Zwar war bereits seit 1862 die Eisenbahnlinie nach Bremerhaven und Vegesack durch die Grambker Wiesen gelegt worden, der erste Bahnhof hinter Bremen war Burg und im Jahre 1864 wurde die vielbestaunte und wichtige Entwässerungsanstalt eingeweiht (diese kostete damals 220.000 Reichstaler, eine horrende Summe für damalige Verhältnisse), aber erst nach 1910 stellte sich ein grundsätzlicher Wandel in der Bevölkerungsstruktur ein. Wohlhabende Bremer Bürger und Menschen, die das Wohnen im Grünen bevorzugten – Lehrer, Ingenieure, Beamte und Kaufleute – siedelten sich an. Aber weitaus wesentlichere Veränderungen brachte die 1908 angesiedelte Norddeutsche Hütte mit 2 Hochöfen. Grambkemoor und Grambke hatten plötzlich die Industrie direkt vor ihrer Haustür.

Die „Stuhlrohrfabrik Carl Frese & Co. ((Bremen-Burg“)) wurde 1906 gegründet. Am Gründungskapital war die Londoner Firma Brinkmann beteiligt. Frese erwarb für rund 26.000 Mark einen 13 Morgen umfassenden Landstreifen, der von der Grambker Heerstraße bis über die Bahnlinie hinaus reichte. Später verkaufte er den vorderen Teil zwischen Bahn und Heerstraße an die Gemeinde, 1910 wurde die Straße AM GEESTKAMP angelegt und Häuser gebaut. Diese wurden von kleinen Handwerkern und den Arbeitern der Stuhlrohrfabrik bezogen.

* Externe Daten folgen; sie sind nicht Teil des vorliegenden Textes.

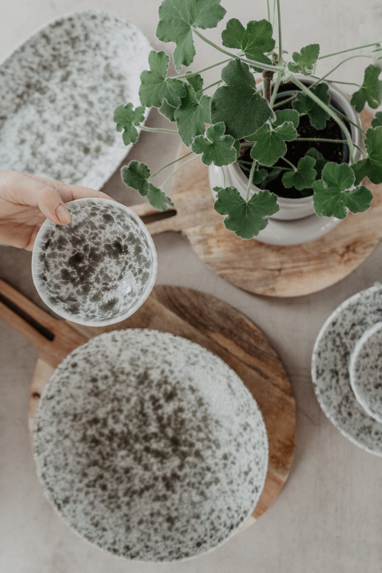 Vacker stänkmönstrat fat i glaserat stengods med en semi-matt finish. Detta fat är ett mångsidigt fat som passar perfekt till sallad eller andra maträtter. Fatet är alla tillverkat för hand vilket gör att varje skål är unik när det gäller färg, form och känsla. Färger kan därför skifta från fat till fat men som kommer göra din dukning levande och unik. Den är lika vacker på egen hand som att blanda upp och duka med andra stengodsserier.
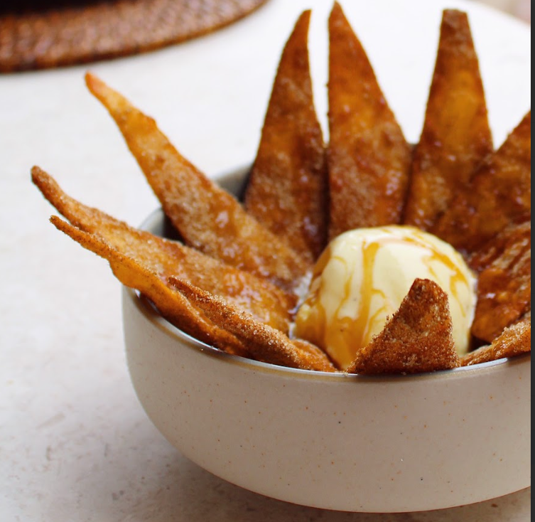 Για ένα γλυκό φινάλε μην παραλείψετε να δοκιμάσετε τα τραγανά πιτάκια Sopaipilla με κανέλα Κεϋλάνης, σιρόπι αγαύης, μέλι και παγωτό βανίλια πασπαλισμένα με Επτανησιακές μάντολες.

Schon sehr bald erreichte die Beschäftigtenzahl 200, in Hochkonjunkturzeiten über 400. Die Rohware kam von Singapur und Indonesien. In der Grönlandstraße wurden die Rohre nach Länge, Dicke und Qualität sortiert, geschnitten und gebleicht. Das so aufgearbeitete Rohr wurde in alle Welt exportiert, das Geschäft lief gut. Dann kam aber der I. Weltkrieg und damit die erste Krise. Die Lieferungen aus Übersee blieben natürlich aus. Um die Produktion weiterführen zu können, wurden Geschützkörbe fürs Heer hergestellt.

Die nächste Krise ließ aber nicht lange auf sich warten. Diese kam mit der Weltwirtschaftskrise. Der englische Teilhaber bewahrte die Stuhlfabrik vor dem Zusammenbruch, indem sie neues Kapital zur Verfügung stellte. Man gründete eine gemeinsame Filiale in Singapur, um sich die Importe des Rohres langfristig zu sichern. Aber 1939 kam das endgültige Aus. Mit dem Beginn des 2. Weltkrieges war keine Hilfe mehr möglich, die Stuhlrohrfabrik musste schließen.